Comment 27 Arpita Bahuguna 2013-04-12 06:57:14 PDT
Created attachment 197814 [details]
Performance test results on Mac

Performance test results on mac r148010
Comment 28 Arpita Bahuguna 2013-04-12 07:10:49 PDT
Hi Kling,

Have posted another set of Dromeo perf test results (on Mac r148010).

The first set is for a clean build, the second set of results are with the patch and the third set of results are for a build with a slightly tweaked patch.

For the third set, instead of:
   const AtomicString caseAdjustedName = shouldIgnoreAttributeCase ? name.lower() : name;
have modified it as:
   AtomicString caseAdjustedName = name;
   if (shouldIgnoreAttributeCase)
        caseAdjustedName = name.lower();
(avoiding else)

Would appreciate your thoughts on the same.
Comment 29 Arpita Bahuguna 2013-04-12 07:43:17 PDT
Comment on attachment 197814 [details]
Performance test results on Mac

Incorrect first run, hence obsoleting.
Comment 30 Andreas Kling 2013-04-12 07:47:12 PDT
> (In reply to comment #24)
> Have attached the results for the Dromeo tests (on Qt (r147518)), for both before and after the patch.

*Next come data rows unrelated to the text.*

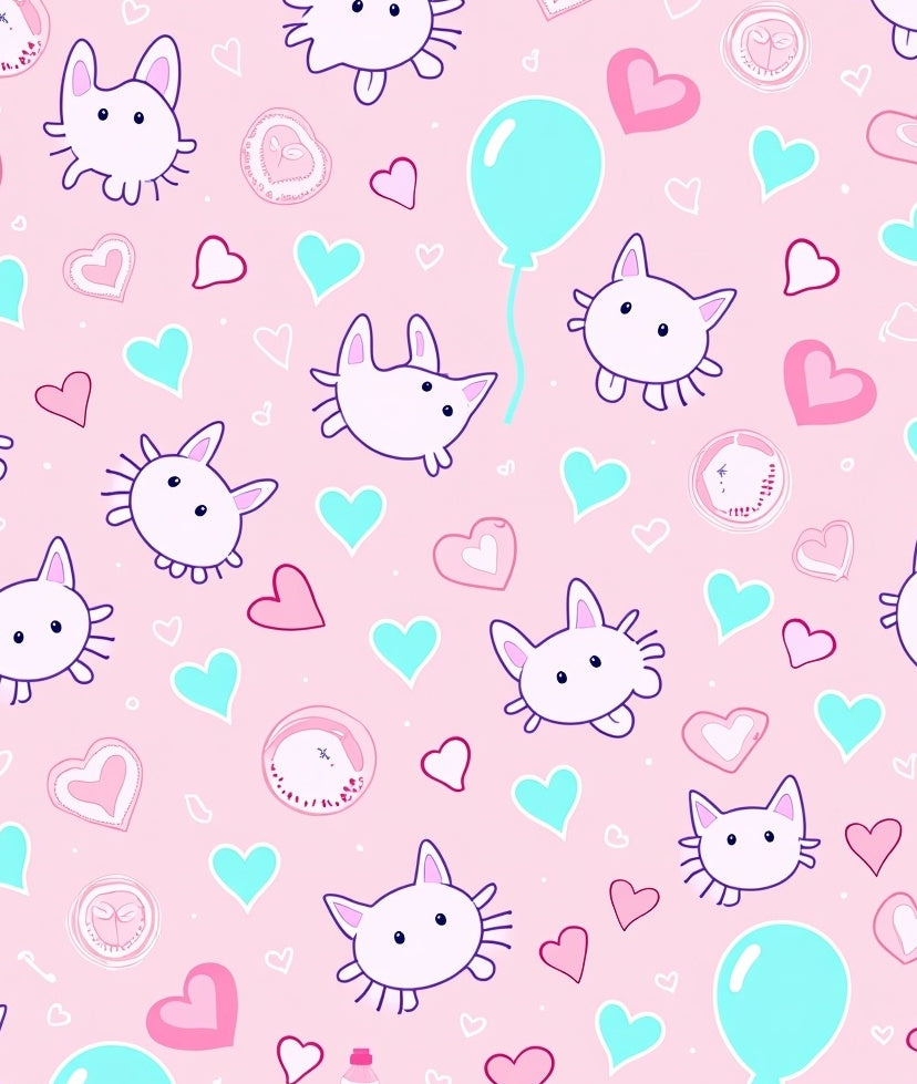 Kawaii Kitten Collage Featuring Balloons and Doodles(Pink)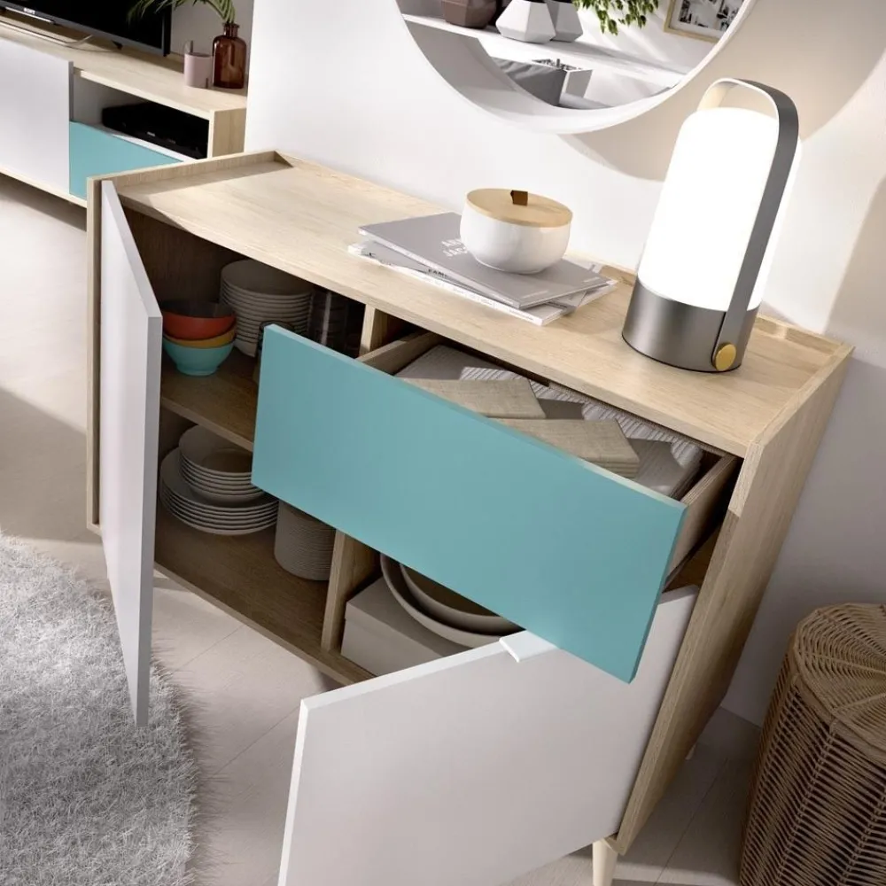 Mueble aparador de diseño atractivo con tres puertas, acabado de colores combinados, natural, gris, esmeralda y blanco. Perfecto para cualquier rincón de la casa en el que precises de un mueble para ampliar la capacidad de almacenamiento. Combina con los muebles de la serie Nova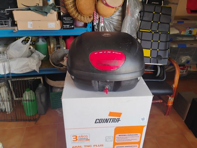 Baúl trasero para moto en buen estado. Es de color negro y tiene un pequeño reflector rojo trasero. Incluye una llave para abrirlo. Se encuentra en perfecto estado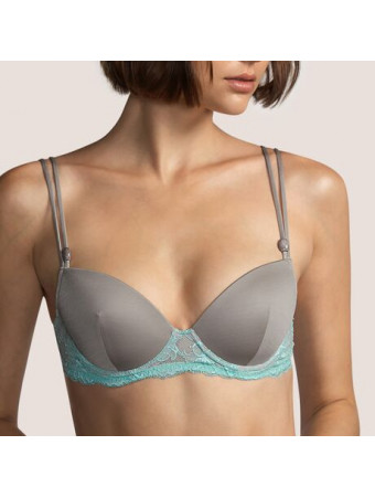 The models feature a perfect mix of elastic tulle, embroidered with plumetis and floral patterned Leavers lace. All pieces have tulle spaghetti straps, some of which are decorated with a gold jewel.
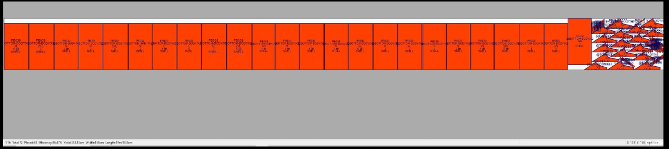 Pada contoh ini marker penggunaan bahan kain yang paling efisien dengan menggunakan 6 gambar pola (ukuran: XS, S, M, L, XL, 2XL) adalah 468cm dengan tingkat efisiensi sebesar 87.96%.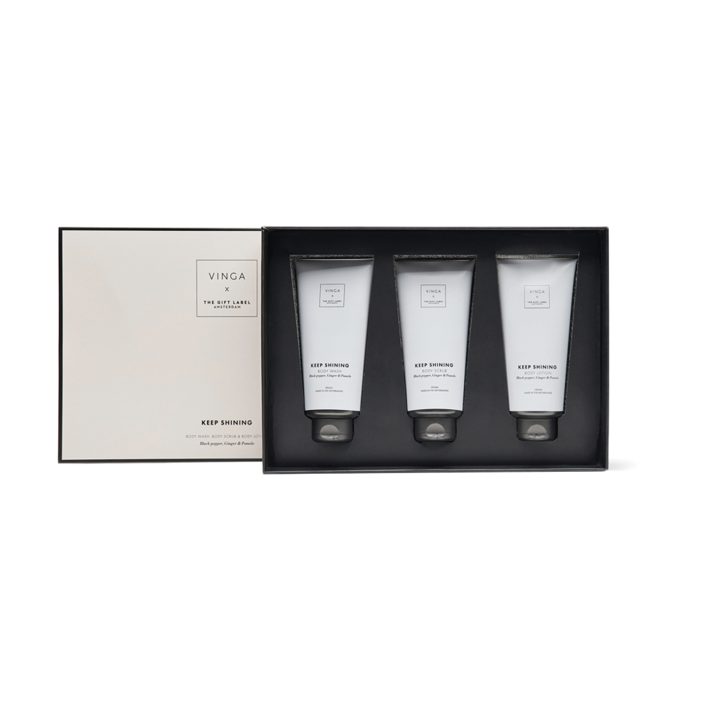 Verwandeln Sie jede Dusche oder jedes Bad in ein luxuriöses Ritual. Dieses 3-teilige unisex Set enthält 200ml-Tuben mit Duschgel, Körperpeeling und Körperlotion, die Ihre Haut von Kopf bis Fuß pflegen. Mit dem warmen, spritzigen Aroma von schwarzem Pfeffer, Ingwer und Pomelo hinterlässt es Ihre Haut glatt, erfrischt und dezent parfümiert. Elegant verpackt in einer Geschenkbox in Cremeweiß und Schwarz.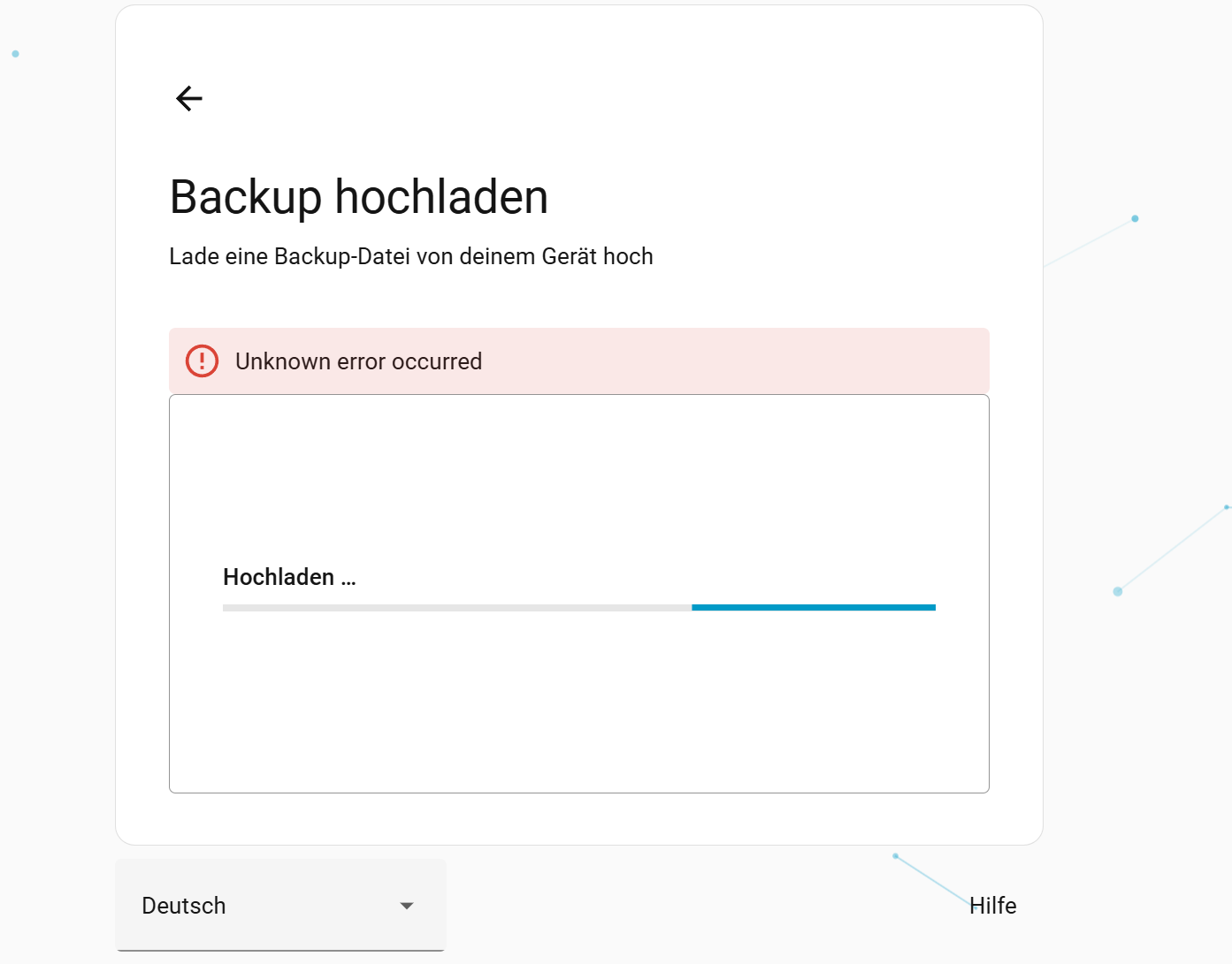 Ich versuche die ganze Zeit zumindest das letzte Backup vom 29.01, 28.01 oder 27.01 aufzuspielen. Sogar das hochladen bricht er immer ab. Einmal hat es geklappt. Ich habe auf Wiederherstellen gedrückt, den Code mit “-” kopiert eingegeben und gewartet. Nach Neustart war kein Backup aufgespielt, alles wie vorher, also Grundkonfiguration.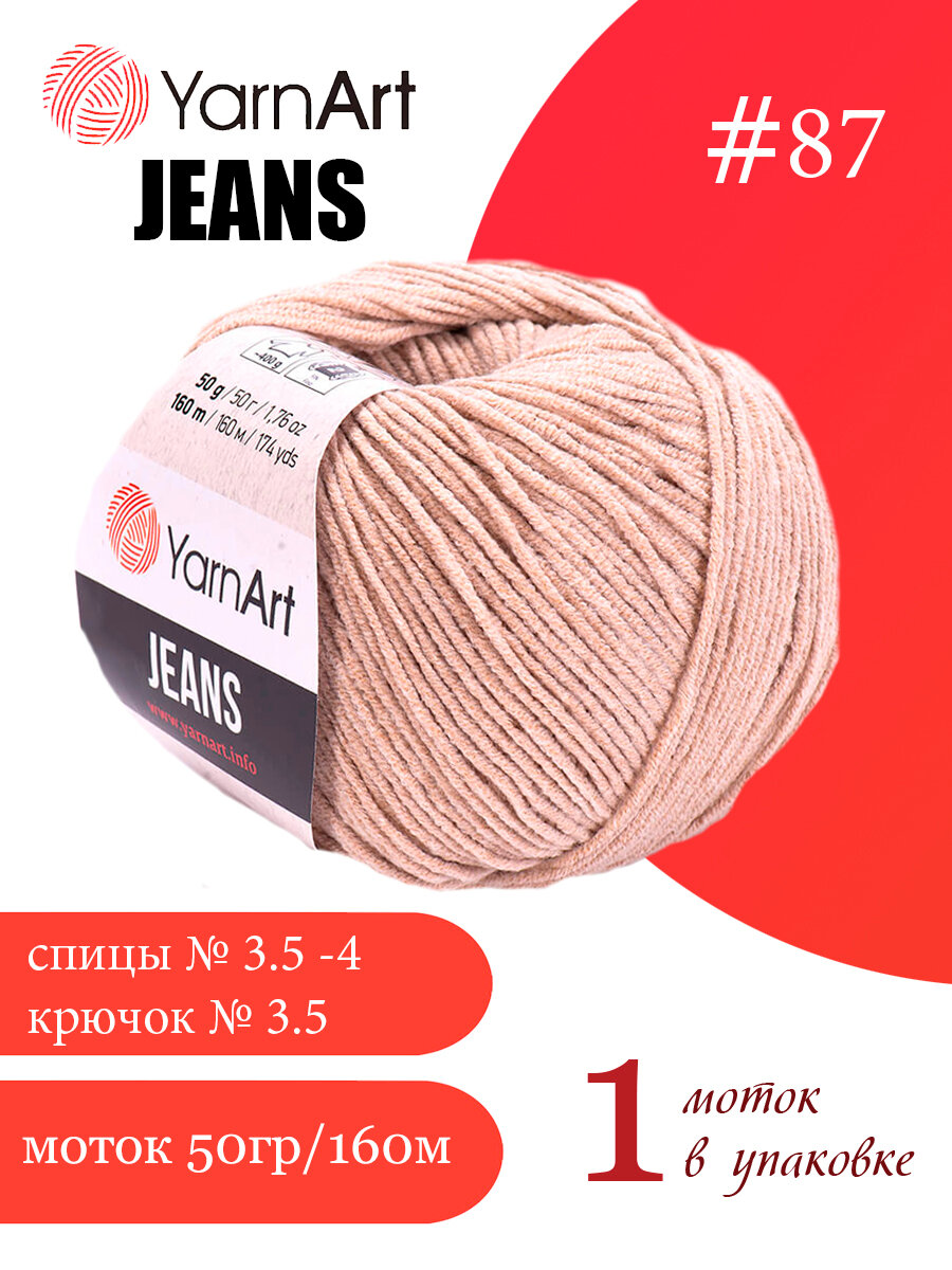 Купить Пряжа YarnArt Jeans Ярнарт джинс Бежевый (87) 1 моток 50 г/160 м (45% акрил 55 хлопок)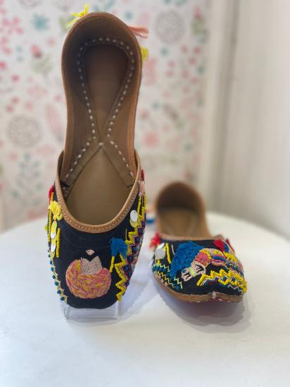"Black Punjabi Jutti For Women, Size 36, Adorned With Intricate Handwork Embroidery, Perfect For Adding Sophistication To Your Ensemble."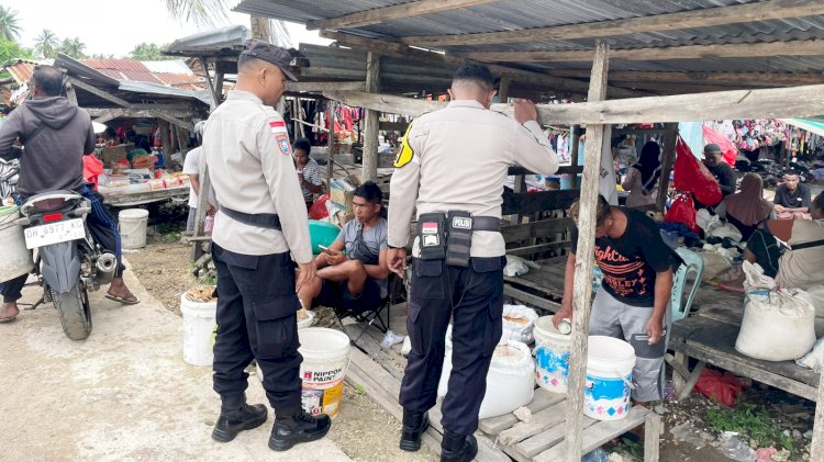 ROTE BARAT LAUT. Guna memastikan keamanan dan kenyamanan masyarakat salama beraktifitas diarea Pasar Busalangga, Personel Polsek Rote Barat Laut melakukan patroli dialogis dan pengamanan untuk menjamin kamtibmas tetap kondusif. Sabtu (28/02/2026).

So there's a ~2% regression on the attribute-related tests? Eep. Better than 27% though :)

(In reply to comment #28)
> For the third set, instead of:
>    const AtomicString caseAdjustedName = shouldIgnoreAttributeCase ? name.lower() : name;
> have modified it as:
>    AtomicString caseAdjustedName = name;
>    if (shouldIgnoreAttributeCase)
>         caseAdjustedName = name.lower();
> (avoiding else)
> 
> Would appreciate your thoughts on the same.

Can we use a const reference here, and avoid the extra ref()/deref()?
Comment 31 Arpita Bahuguna 2013-04-16 06:23:30 PDT
Created attachment 198323 [details]
Updated perf test results on mac
Comment 32 Arpita Bahuguna 2013-04-16 07:14:23 PDT
Hi Kling,

Have posted another set of results, finally (and hopefully) the correct ones this time. :)

The first set (r148010) corresponds to Dromaeo results for a clean build.

The second set (r148010-ternary) corresponds to the following change:
    const AtomicString caseAdjustedName = shouldIgnoreAttributeCase ? name.lower() : name;

The third set (r148010-withIf()) corresponds to the following change:
    AtomicString caseAdjustedName = name;
    if (shouldIgnoreAttributeCase)
         caseAdjustedName = name.lower();
[Considering branch prediction, this should perhaps be a little faster than the previous approach. (??)]

And the last set (r148010-ternaryWithRef) is for:
    const AtomicString& caseAdjustedName = shouldIgnoreAttributeCase ? name.lower() : name;
Surprisingly the last set (with the const ref) deteriorates the performance even more!

The second set (using if() with def initialization) shows an improved performance for most of the cases save for three:
/Dromaeo/jslib-attr-jquery
/Dromaeo/jslib-attr-prototype
/Dromaeo/jslib-modify-prototype
for which there is a marked performance deterioration.

Would appreciate your opinion for these results.
Comment 33 Andreas Kling 2013-04-17 07:38:44 PDT
Comment on attachment 192176 [details]
Patch

Okay, I think this will work as-is. I'm pretty sure that the variations in your test results are noise.
We'll get more stable numbers when this gets tested on the perf bots.
So r=me.
Comment 34 WebKit Commit Bot 2013-04-17 09:13:22 PDT
Comment on attachment 192176 [details]
Patch

Clearing flags on attachment: 192176

Committed r148614: <http://trac.webkit.org/changeset/148614>
Comment 35 WebKit Commit Bot 2013-04-17 09:13:25 PDT
All reviewed patches have been landed.  Closing bug.